There are several kinds of laughter. One might even make a distinction between humor and comedy. Humor is a wider category than comedy and includes such phenomena as sarcasm, satire, and irony. Comedy itself ranges from the visceral hilarity of bodily functions like farting to the more refined belly-laughs of a Richard Pryor or Robin Williams.
Such neat distinctions, of course, don't mean much in actual practice since comedians like Pryor and Williams can incorporate satire into their repertoire. The objective of all comedy of this form, then becomes a hazing of all pretensions to ethical standards. In this sense, comedy takes on a leveling function and destroys every ethical standard and throws it into the abyss of meaninglessness.
In traditional cultures, this process is often instituted as an order of sacred clowns. These clowns are sacred because they have the right to break every taboo and custom. Sacred clowns are sacred because they see and show that all customs, rules, taboos, and laws have their basis in something other than .human wants and needs--usually human vanity and egotism.
Now, the Pentagon's laugh machine works at a level lower than this. After all, it's the Pentagon, a place where rules, orders, procedures and every other type of regimentation is the order of the day. Instead of the sacred clown’s view of laughter, the Pentagon takes something like the "boiler room" approach to laughter and comedy. That is, there's only so much stress that the human meat machine can withstand, therefore it's got to vent that pent up pressurized stress in some way or other.

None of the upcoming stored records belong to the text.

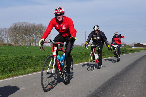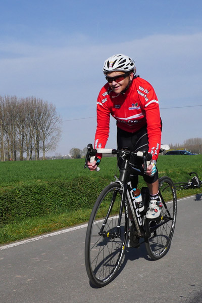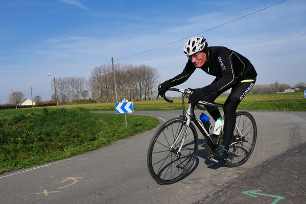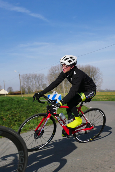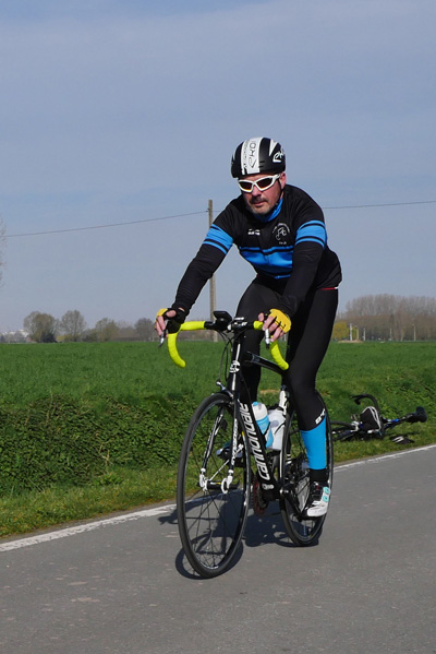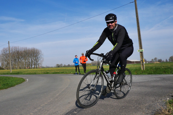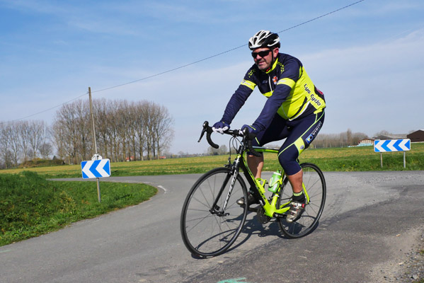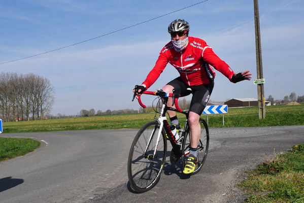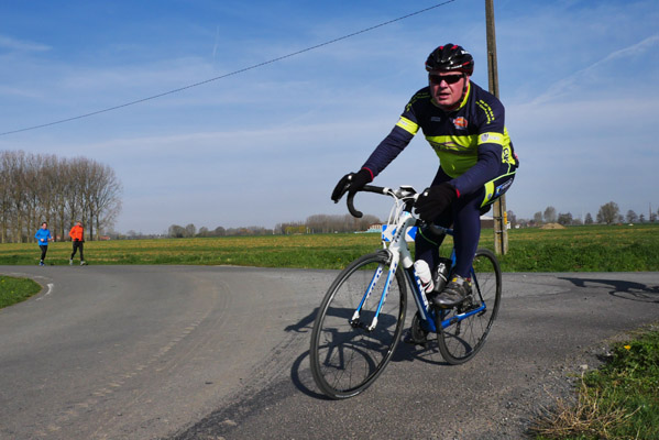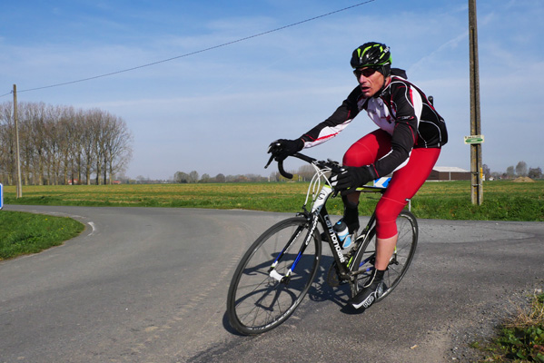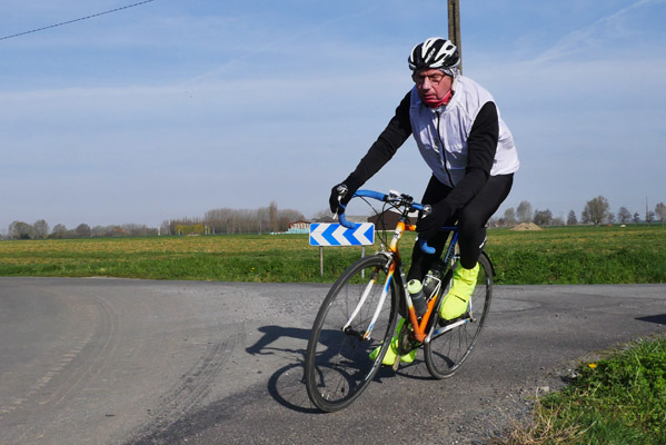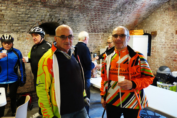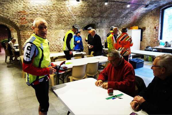 Dommage, car le parcours cheminant en direction du Mont de l’Enclus (que seuls les participants au 100 km atteindront) était plaisant, empruntant de petites routes sinueuses et vallonnées. Certes, les couleurs n’étaient pas au rendez-vous et mieux valait disposer d’un coupe pluie étanche. Mais quand même, un petit effort ne serait-ce que pour faire le 45 km aurait été le bienvenu en contrepartie des efforts faits par le club pour l’organisation de cette sortie.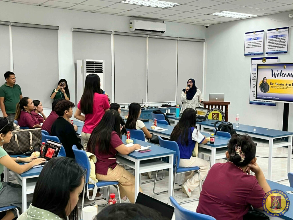 The activity featured Dr. Wastu Ayu Diamahesa from the Aquaculture Study Program, Faculty of Agriculture, University of Mataram, who served as the resource speaker during her visit to MSU at Naawan from April 22–25, 2026.
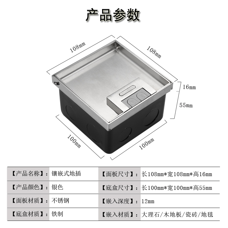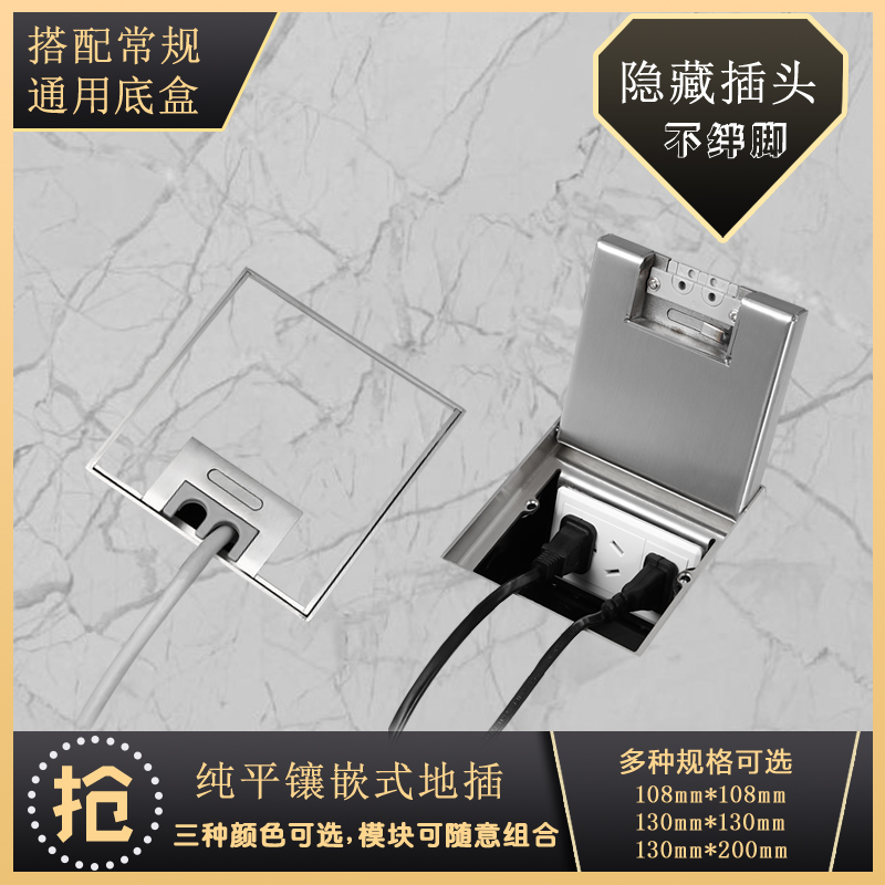 304不锈钢地插座隐藏式五孔网络侧插镶嵌大理石瓷砖地毯地板地插

Now, no doubt, there's nothing more stressful than death and mayhem--if you choose to look at it in those terms. Yet, the Pentagon's prescription to "laugh" in the face of this despair borders on inanity. This prescription for public health at best seems like a simple call to personal mental hygiene. At worst it evokes an image of a lunatic staring into the abyss of insanity and laughing to him or herself at nothing.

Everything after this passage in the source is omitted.